> Dataset excerpts
■ ■ ■ ■

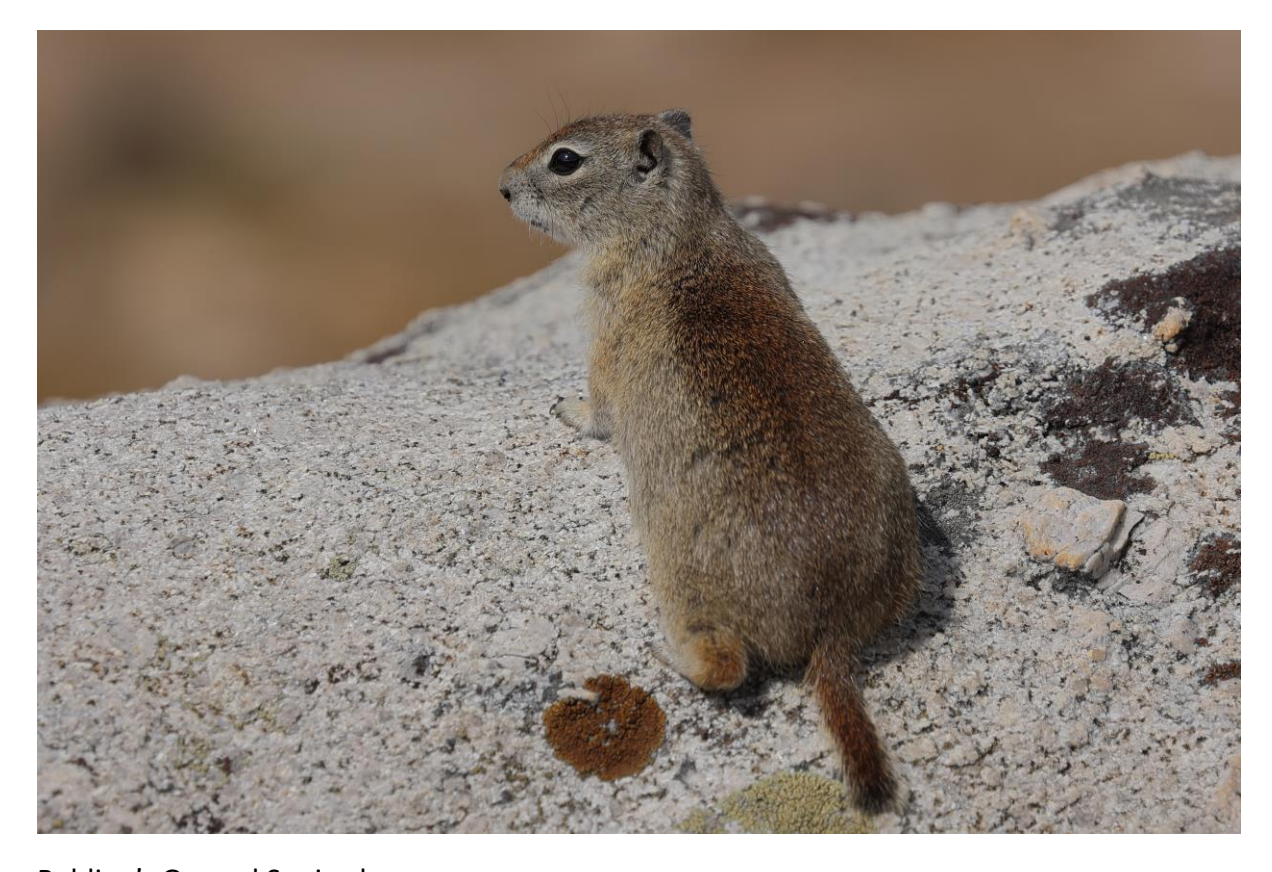
Belding's Ground Squirrel
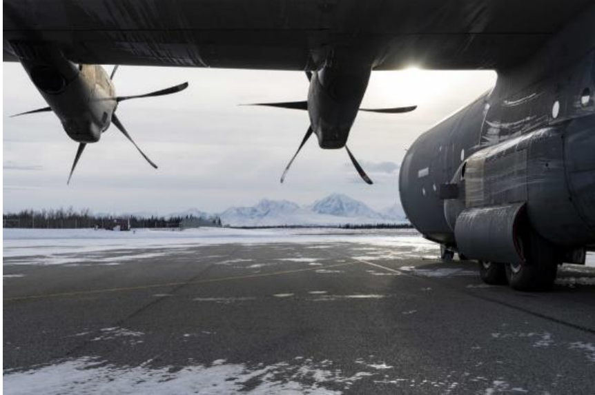
A CC-130J Hercules from 436 Squadron on the flight line at Fort Greely, Alaska, before a static line jump with US paratroopers during Arctic Edge on Feb 29, 2020.
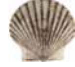
ATLANTIC SEA SCALLOPS Placopecten magellanicus
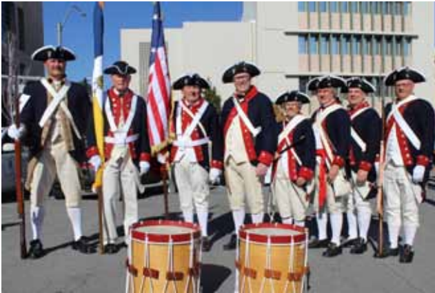
Northern Nevada Chapter Color Guard & Fifes & Drums
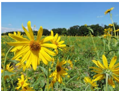
Top Right: Male Northern Bobwhite. Above: Native flowers included in buffer seed mixes improve diversity and attractiveness.

If you are interested in learning more about the Natural Lands Project please visit www.washcoll.edu/nlp or contact Dan Small at dsmall2@washcoll.edu .
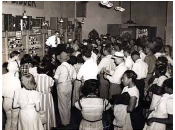
A raffle on opening day at Draisen's Jewelry Store in Anderson, 1948.
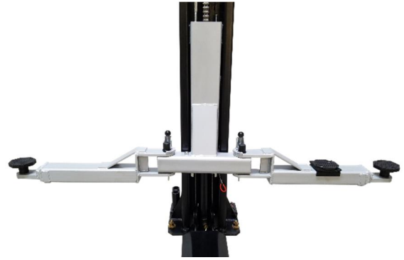
Symmetric Swing Arm Configuration
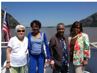
Seniors from the Nyack Senior Center Enjoy the Pride of the Hudson Boat Trip

Many of our Meals on Wheels Senior Center participants recently enjoyed a day of cruising the Hudson aboard the Pride of the Hudson . Our Centers love to take seniors on great trips!
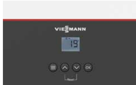
LCD screen with white backlight and 4 buttons

The heating water and DHW temperatures can be set quickly with the user friendly push-buttons. Operating states and temperatures are shown on the digital display screen.
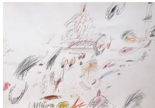
B <Example of his work during the '60s and '70s>
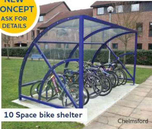
10 Space bike shelter
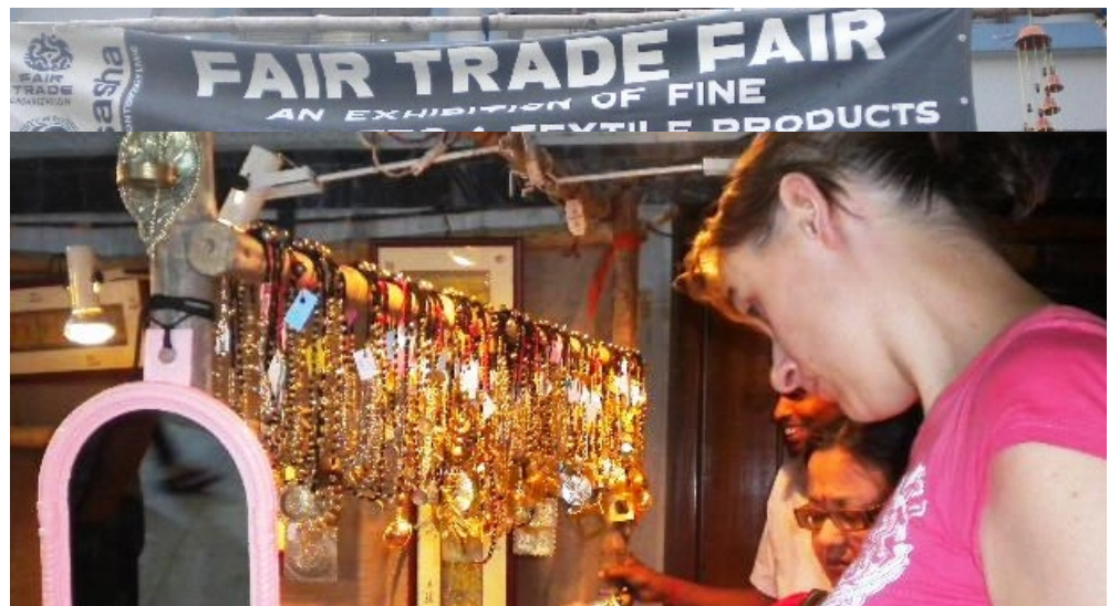
Fair Trade Fair2010 Organised in Kolkata
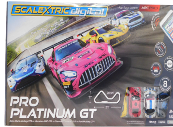
A Scalextric digital Pro Platinum GT set, comprising an Aston Martin Vantage GT3 vs Mercedes AMG GT3 vs Chevrolet Corvette CH.R vs Ford Mustang GT4, boxed. SOLD for £240
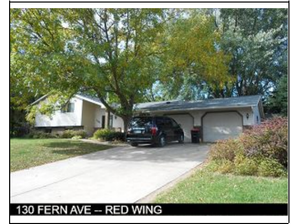
130 FERN AVE -- RED WING
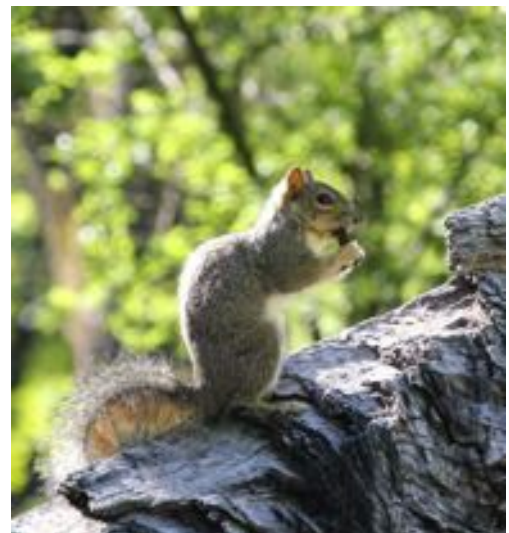
One of the many reasons our youngest visitors love the Nature Preserve

■ ■ ■ ■

Whenever the string "from" turns up in a line above, copy that line out.

A CC-130J Hercules from 436 Squadron on the flight line at Fort Greely, Alaska, before a static line jump with US paratroopers during Arctic Edge on Feb 29, 2020.
Seniors from the Nyack Senior Center Enjoy the Pride of the Hudson Boat Trip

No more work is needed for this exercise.